# How to test Testosterone Cypionate or Enanthate



## chrisr116 (Mar 22, 2013)

Ok, this one is for testosterone.  There is also a protocol for HGH.  

Originally posted by Heavyiron:
*
How to test Testosterone Cypionate or Enanthate *

The following protocols must be followed exactly for at least 4 weeks. No other gear or ancillaries may be used during the first 4 weeks. If you have been on either dose for longer than 4 weeks you may get labs 7 days after your last injection.

All injections must be intramuscular (IM). The first week is a front-load.

*Testing Protocol - (for labs that only range up to 1,500ng/dl):*

Day 1. 300mg Cypionate or Enanthate
 Day 3. 300mg Cypionate or Enanthate
 Day 7. 300mg Cypionate or Enanthate
 Day 14. 300mg Cypionate or Enanthate
 Day 21. 300mg Cypionate or Enanthate
 Day 28. Total Testosterone Blood Draw (must be exactly 7 days after last inject)

Post lab results once you receive them. Please be specific about the dose, ester and protocol you used in your first post.

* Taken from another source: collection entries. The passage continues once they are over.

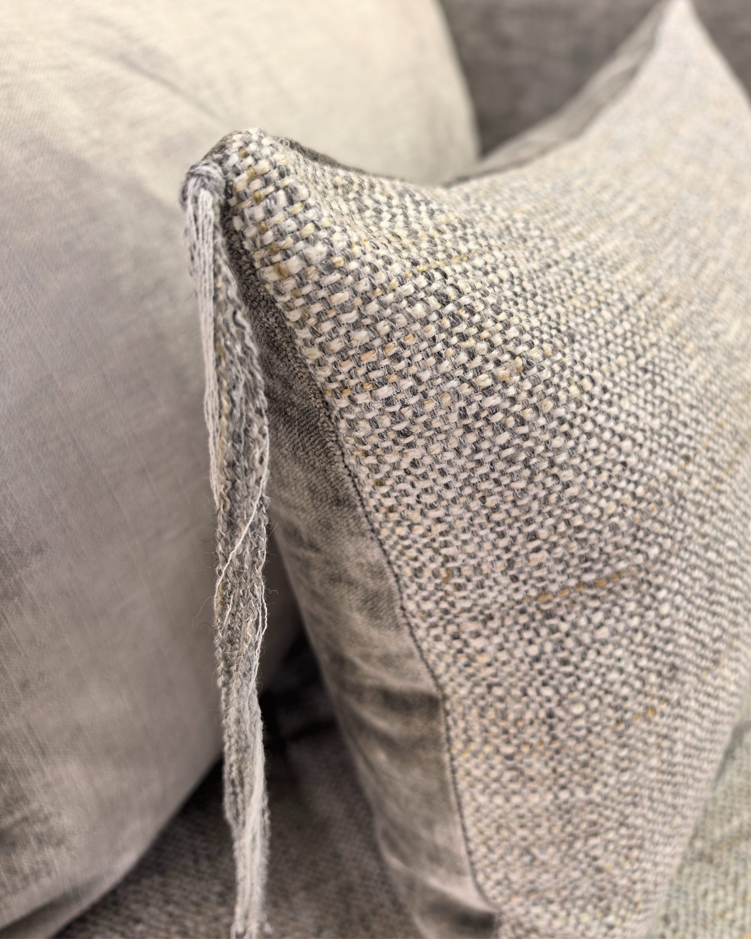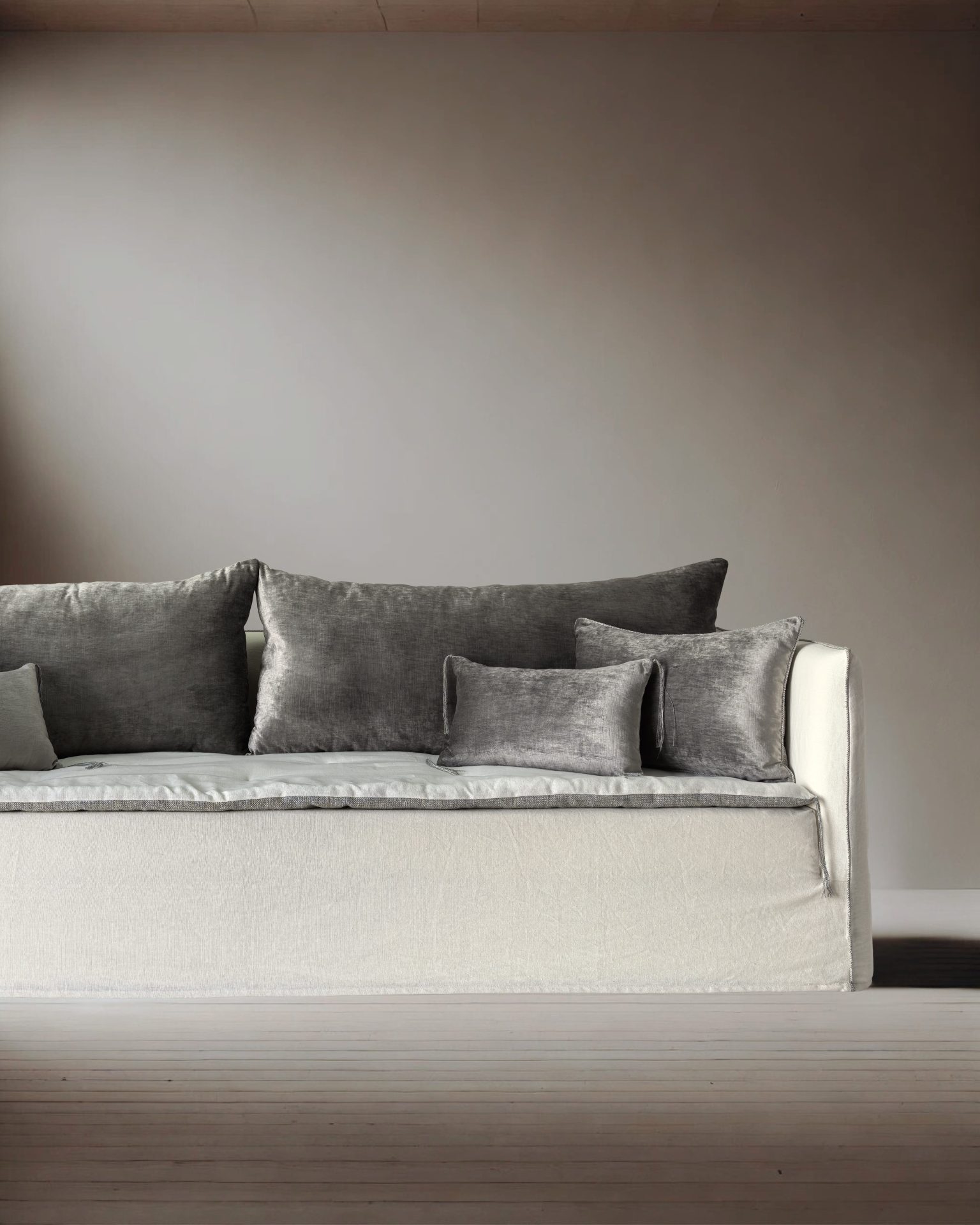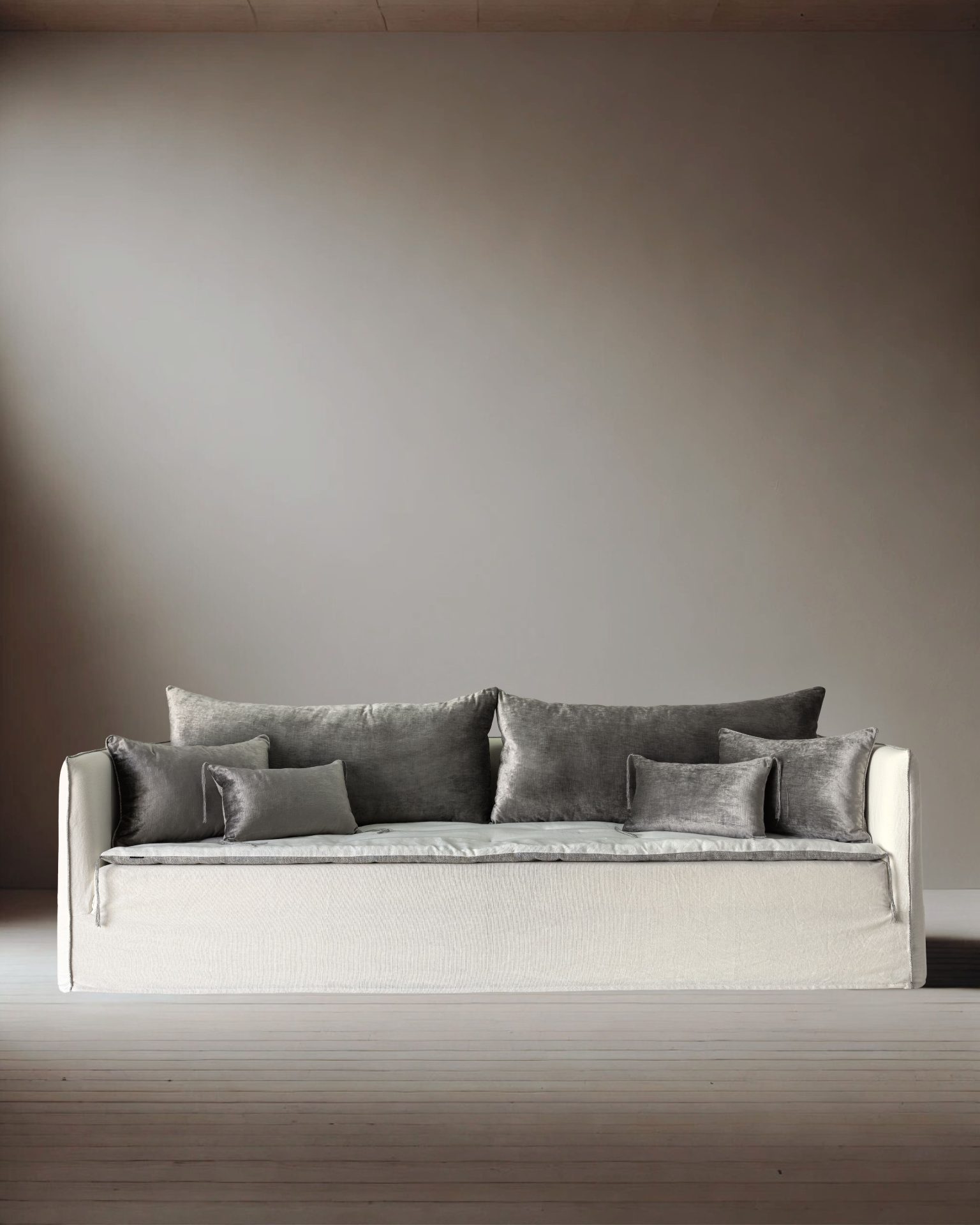 Un grain textile et un tombé couture pour deux saisons et un même canapé.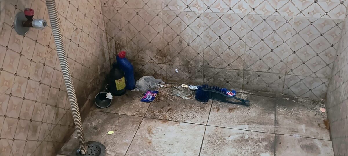 बाथरूमों के दरवाजे टूटे, मजबूरी में खुले में नहाने की नौबत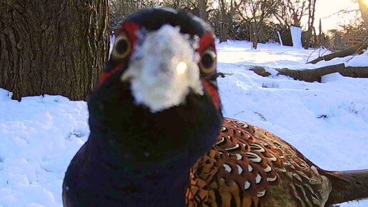 Как фазан добывает корм зимой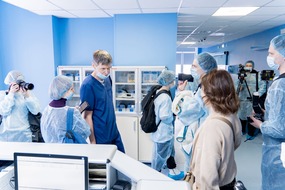 Студенты посетили операционную, в которой применяются радиофармпрепараты. Врач-онколог Федор Трифонов прочитал участникам студенческого тура лекцию о том, как именно устроен процесс лечения на передовом оборудовании в МРНЦ им. А.Ф. Цыба, пока его коллеги проводили операцию пациенту.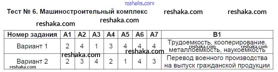 Решака - онлайн ответы География Жижина за 9 класс Контрольно-измерительные материалы (КИМ) ФГОС 2017 - Тест №6. Машиностроительный комплекс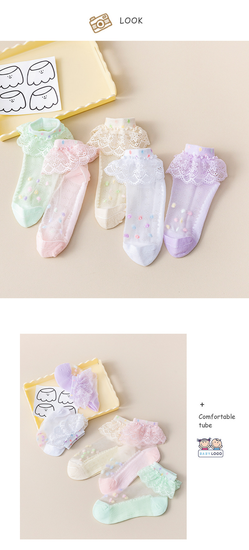 작은 토끼 소녀 양말 2023 새로운 봄과 여름 어린이 통기성 레이스 한국 스타일 아기 공주 크리스탈 양말

Passing results should be about 1,345 ng/dl +or- 139 ng/dl. Due to the crude nature of this protocol, passing results may vary greatly.

*Testing Protocol #2 - (for labs that range ABOVE 1,500ng/dL):*

Day 1. 600mg Cypionate or Enanthate
 Day 3. 300mg Cypionate or Enanthate
 Day 7. 600mg Cypionate or Enanthate
 Day 14. 600mg Cypionate or Enanthate
 Day 21. 600mg Cypionate or Enanthate
 Day 28. Total Testosterone Blood Draw (must be exactly 7 days after last inject)

Passing results should be about 2,370 ng/dl +or- 150ng/dl. Due to the crude nature of this protocol, passing results may vary greatly.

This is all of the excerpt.